The school system should also move from a test based curriculum to a project based curriculum. That accomplishes two things: It teaches students how to conduct research and it allows and encourages students to take ownership of their learning.
Fortunately, my family moved and my new high school had a character right up my alley and, as a result, I actually ended up enjoying my high school years and it put me in a good frame of mind for college.
So failure to heed the school personality aspect of education is, I think, one component of why some students choose to commit suicide. Every day as a teenager tends to be a navel gazing festival of insecurity anyway. Let's not shoehorn kinds into environments that make them hate education and themselves.
It depends. If you are interested in the subject and the teacher isn't giving you a lot of emptyheaded happy talk that often passes for history, for example, in elementary and secondary schools, then that format can be great.
I would also remind Fox that she isn't a teenager. Her and I are probably around the same age and she has no more idea of how teenagers today think than I do.
Look, the first thing we need to do is get rid of schoolboards, whose gross incompetence, corruption and small minded, self-seeking agendas are the primary culprits in destroying our education system. The schoolboard is a 19th century form of control that is no longer useful because, more often than not, they block innovation and impede needed change because too may of their members are fossils from an era long past.
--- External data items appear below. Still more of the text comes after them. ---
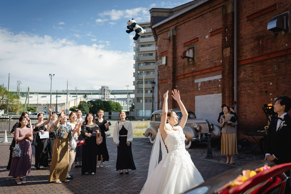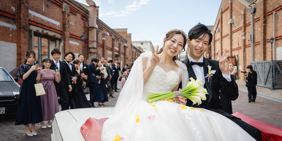 挙式後のセレモニーでクラシックカーに乗ってご入場した際は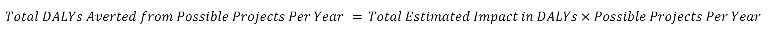 - The cost per DALY by dividing the per project costs from (5) with the total estimated DALYs from (4)
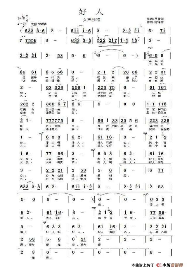 关于《好人》曲谱的评论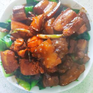 肉炖了半个多小时可以放入鲍鱼一并炖煮了,海参是最后收汁时放入的,因为海参很容易炖烂哒,切记。最后就收汁装盘啦,刚刚的青菜铺在盘子最下面哦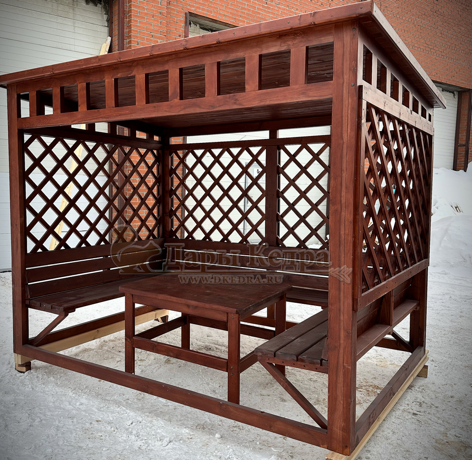 Беседка из металла Беседка выполнена из стальной квадратной профильной трубы 40х40 мм. Лавки и стол обшиты кедровой доской. На крыше - ондулин. Беседка отличается простотой в установке, легкостью конструкции, долговечностью, прочностью и классическим дизайном, который впишется в любой интерьер приусадебного участка. Вокруг такой беседки можно организовать ландшафт из вьющихся растений, которые красиво создадут зеленые 'стены' снаружи и уют внутри. Размер стола у разных моделей варьируется в зависимости от ширины конструкции.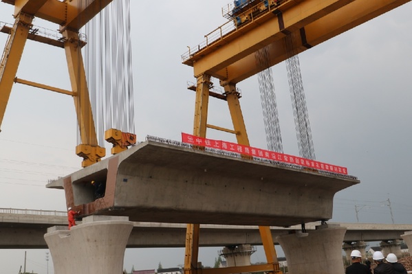 南沿江城际铁路白茆河特大桥首榀箱梁架设完成

We tend to teach the way we were taught or in the way that worked best for us when we were in school. Today most of us are digital natives, teaching kids who are digital immigrants. Either we work our asses off to keep up and see things through contemporary kids eyes, or we are all fossils. School boards are just citizens and they vary widely. Not sure it's particularly useful to see them as some monolithic problem. But school as a rule tends to be conservative, not in the political sense but as in concerned with preserving a set of values and institutional and community goals. The question is "What should the values and goals be?"
My idea is to have teachers own the results of their school by being allowed to form a committee to run it. In other words, I am for the pros being allowed to do their jobs unimpeded by outsiders with wacked out political or religious agendas or political ambitions. Plus my idea removes a big layer of bureaucracy.
I spent years talking to teachers, principals, newspapers, and other parents. Nothing ever seemed to change.
There are so many things wrong with this model, I do not even know where to begin, but working within the system we have, my main and constant observation is that our kids are never taught HOW to study. They are gradually taught more academics, but not how to take what is taught in class, and independently digest the information and transform it into knowledge.
Large high schools are just teenage warehouses.
Yet in my heart of hearts, I know that we will all learn in an area that interests us. We all have a yearning to grow and express ourselves to the world around us and it's abusive to tell an active young person to sit still and shut up when the desire to sing, dance, shout and climb is bound up in their heart. I pray for the day when a teacher will be defined as an adult who is skilled at nurturing, expanding and unleashing the unique genius contained in each young soul and not in producing the most 4.0 GPAers.
It is time for the field of education to rededicate itself to following established educational research and not political rhetoric and business as usual educational policies.
And those textbooks are usually decades out of date.